WHO is really the boss?

When I was a girl, my mother called me bossy: “Francis the Talking Mule.”  I must have learned to be bossy from her as she was the one who “wore the pants in our house” as far as I could see and feel. Especially when I was 16 and she lost it by yelling at me, “He’s not your father!” Though this was the first time I had been told this truth she convinced my dad not to talk to me about it. She told me as an adult that she thought: “She’ll get over it!”

Well, my mother’s thought bossed my head around, making me afraid as an adult to ever talk to my dad about why he was not my biological father; I’d thought he was until that fateful day. My mother was mad that I often defended my dad whom I felt loved me! I knew loved me! He even wrote to me in nursing school asking why I had held back my affection from him (since I was sixteen)…yet he was afraid to ask me in person, as was I. Over the years, my fears have transformed  into tears of loss.

Mom was the strict one of our fundamental christian family….making even dancing not okay. In elementary school dancing the Virginia reel or the jitterbug didn’t seem to be a problem but when I entered junior high, I would dance slow with a boy and then return home feeling guilty. According to my mother, I was tempting the devil and  becoming “worldly.”  Of course sex was not really explicitly spoken about except that you do not have sex until you are married. Though I knew people make love, I had no idea there was such a thing as masturbation until I was married at 22.

Anyway, I couldn’t continue to dance with the guilty feeling bossing me around in my head until I began to loosen the grip of my mother’s religious beliefs that had impaled me. I became a hypocrite (according to my mother) in my twenties when I began to dance the hustle during the week and then participate in a more liberal Living Hope church on Sundays.

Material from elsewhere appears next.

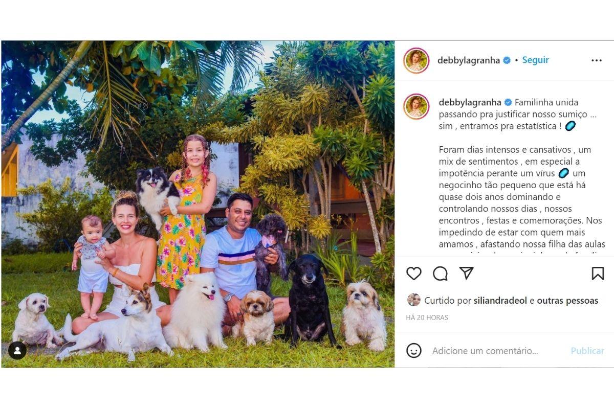 Na última segunda-feira, 24 de janeiro, a atriz Debby Lagranha usou as redes sociais para compartilhar uma notícia sobre a família com seus seguidores: ela, o marido e os filhos testaram positivo para a covid-19. Pelo Instagram, ela publicou uma foto e contou o que houve na legenda do post.

At age 38 I finally jumped out of the chains of religion, after birthing two beautiful daughters,  divorcing my coming out gay husband whom I had married as a Virgin, and becoming a Marriage and Family Therapist. With boyfriends, I began stretching my sexual wings and feeling free. Mostly.

In my fifties, I was dancing 4-5 nights a week and hearing a bossy voice saying, “You should be serving others more; not having so much fun for yourself.” After having become a primal therapist in addition to an MFT…I knew I had to have a session to rid myself of a burdensome guilt! By this time, I had healed a good deal of my childhood pain by becoming a surfboard of rage into my ocean of tears. In this particular session, I was transported into another lifetime: images of being a ballerina on stage, sensing I was in Paris, having lost my career from a broken ankle.

I cried out, “I AM A DANCER!” Since that sobbing session, my guilt is gone, and I dance with the boss of freedom, to be me!